Many court cases involve the interpretation of legislation, which in some cases leaves room for a variety of interpretations.  This has particularly been the case with management rights, which has resulted in expense which can easily be avoided if more thought was given in the first place to what the legislation should say, to avoid unintended consequences.

Three management rights cases illustrate the problem:-

The Rocks Case

This case revolved around what information had to be in Forms 22a under the old PAMDA Act, in relation to charges made for services organised by a letting agent, for example, cleaning units and supervision of tradesmen.

The original decision made by QCAT as to what the legislation meant for practical purposes, made compliance with the legislation nonsensical and impractical.  Since similar wording has been used in the Property Occupations Act, this decision would also apply to the new agency regime under that Act.  Fortunately a recent decision by QCAT’s Appeal Tribunal has interpreted the legislation in a more practical way, in favour of letting agents.   However, it would have been best, and saved a lot of litigation, for the wording of the legislation to have been more clear cut in the first place.   Further, the legislation should be changed to avoid any future doubt as to its application.

Gallery Vie decision

The Gallery Vie debacle can be firmly put down to bad drafting of legislation.  The fact is that the sections in the Body Corporate and Community Management legislation considered in the Gallery Vie case, were supposed to protect financiers of management rights, not put them in a worse position, because of actions beyond their control.  The decision in that case took away a financier’s right to continue operating a management rights business in receivership, as set out in the Act, because another party had liquidated the bank’s client’s management company, due to the Management Agreement’s default provisions extending to the management company being liquidated, which was additional to what constituted default under the legislation.   It is obvious that the legislation should be changed to remove the unintended consequences revealed by the QCAT decision, but for now the government appears to have put the matter on the back burner.

Illegal parking

A number of years ago, I was asked to give an opinion as to whether a Body Corporate could legally contract with a towing company for the removal of cars from common property.  While the towing company promised a QC’s opinion supporting the Body Corporate’s right to do so, this was never supplied.

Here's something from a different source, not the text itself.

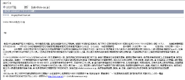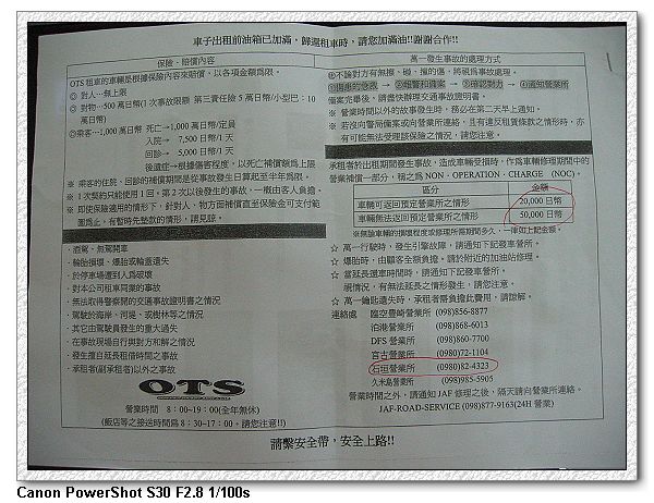 本以為就這樣,結果沒想到出發前2天又收到一封來自OTS的E-mail,很訝異的是,竟是用中文,沒想到來有這種貼心。信中提及租車的時間及費用,還有要準備的文件等等。信緯也有提及11月將在台北成立客服中心,到時租車就更方便了。

We advised that the Body Corporate, and its committee members, could be subject to prosecution for a crime if it did so, because of a provision in the criminal code, and a provision in the Transport legislation, which made it an offence to deprive a car owner of use of the vehicle without the owner’s consent and made it an offence to wilfully interfere with a mechanism attached to a motor vehicle, without the owner’s express consent.  None of the statutory law has been changed since we gave that opinion.

A number of Body Corporate and Community Management adjudicators have considered a Body Corporate’s right to request or authorise such towing, but generally the adjudicators have only considered what processes are required to authorise the Body Corporate to arrange for such towing without considering the common law relating to consent, by way of notification to the vehicle’s owner, and the criminal law.

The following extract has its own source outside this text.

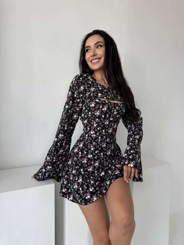 Летнее корсетное платье сарафан мини в цветочный принт с завязками

A recent options paper delivered by the Queensland Government Property Review team addresses the issue.   However, it mainly discusses the process that should be put in place for Body Corporate action in respect to the Body Corporate authorising the towing, and does not address in detail, changes that would need to be made to the common law and the criminal law.  Once again, it is a case where the law should be completely codified by changes to statutory law, that leaves no doubt. Changes to the Body Corporate and Community Management Act would be just a part of what is required.

Fortunately the whole issue of removal of vehicles from private property has become very prominent, as a result of the methods being used by some tow truck operators to remove, impound and charge owners of vehicles purportedly illegally parked on private property, and the Queensland government is setting up an enquiry into the matter.  Those involved in management for Bodies Corporate should ensure that submissions are made to the enquiry to ensure that any legislative changes are practical and apply to Body Corporate common property.

The Government Approach

I think it is incumbent on a government to rectify a problem created by badly drafted legislation, by making appropriate amendments to the legislation, as quickly as possible, to avoid doubt as to how the legislation should be implemented.